A PSPC1-specific microRNA (miRNA) vector with linked EmGFP was constructed as in (21). The Pspc1 cDNA sequence (accession number BC026772) was analyzed using the BLOCK-iT RNAi designer tool (Life Technologies Corp., Grand Island, NY, USA). We prepared a double-stranded oligonucleotide representing the top scoring sequence (d(TGCTGATACGTACTTGCTTCAGGTTTGTTTTGGCCACTGACTGACAAACCTGACAAGTACGTAT) and its complement d(CCTGATACGTACTTGTCAGGTTTGTCAGTCAGTGGCCAAAACAAACCTGAAGCAAGTACGTATC)) and inserted it into linearized pcDNATM6.2-GW/EmGFP-miR vector (BLOCK-iT Pol II miR RNAi expression vector kit, Life Technologies Corp.).
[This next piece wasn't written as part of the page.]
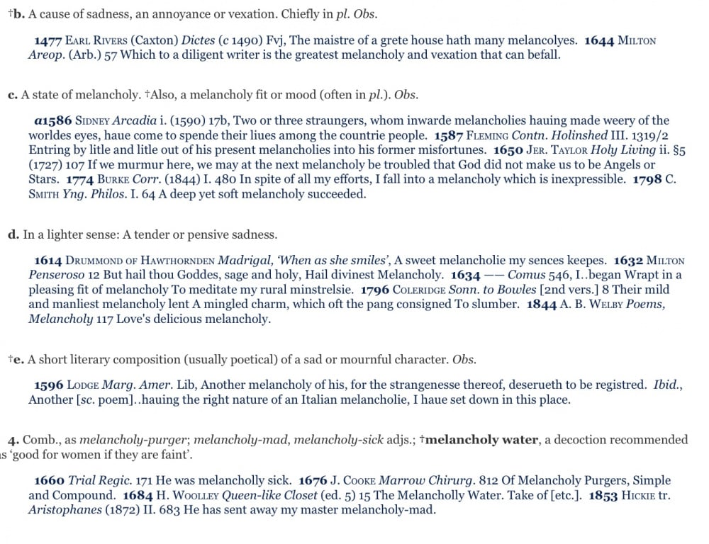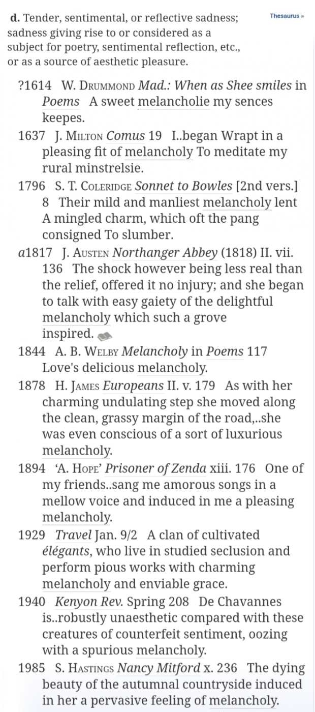 LG’s more recent definition speaks to me more, but it’s fascinating to read of its older, blacker meanings. My quotes were from the OED 1989 edition, here it is in full:

This or an empty control vector was introduced into MEFs by electroporation. Microcolony assays were performed essentially as described (28). MEFs (3 × 106) were suspended in 150 μl of MEF buffer 1 (MEF I Nucleofector kit, Lonza, cat. # VPD-1004), mixed with 15 μg of vector and subjected to electroporation using a Lonza Nucleofector 2b Device with program T-20. Cells were diluted into growth medium and plated at 0.25–1.0 × 105 cells/well in 6-well plates. After 2 days, the MEFs were irradiated with 0, 1, 2 or 4 Gy of γ-rays. At 5 days post-irradiation, the cells were washed with phosphate buffered saline and fixed with 4% paraformaldehyde for 15 min. For each experimental group, 200 green microcolonies were scored. Statistical analysis was performed using the 2-way repeated measures Analysis of Variance (ANOVA) method. Where noted, 2 μM of the DNA-dependent protein kinase (DNA-PK) inhibitor, NU7441 (Torcris Bioscience, cat. #3712) was added 4 h prior to irradiation and incubation was continued with the drug for the remainder of the experiment.

DNA repair foci assay

Control or PSPC1 miRNA was introduced by electroporation into wild-type or NONO-deficient MEFs as described above. Two days after electroporation, MEFs were exposed to 0 or 1 Gy of γ-rays. At 0.5 h or 4 h post-treatment, the cells were washed and fixed as above, then analyzed by indirect immunofluorescence using anti-γ-H2AX. A total of 30 GFP-positive nuclei were scored per experimental group. Data were analyzed by one-way ANOVA analysis, followed by Dunnett's Multiple Comparison Test. In separate experiments, cells were treated similarly and analyzed by indirect immunofluorescence using anti-53BP1 antibody.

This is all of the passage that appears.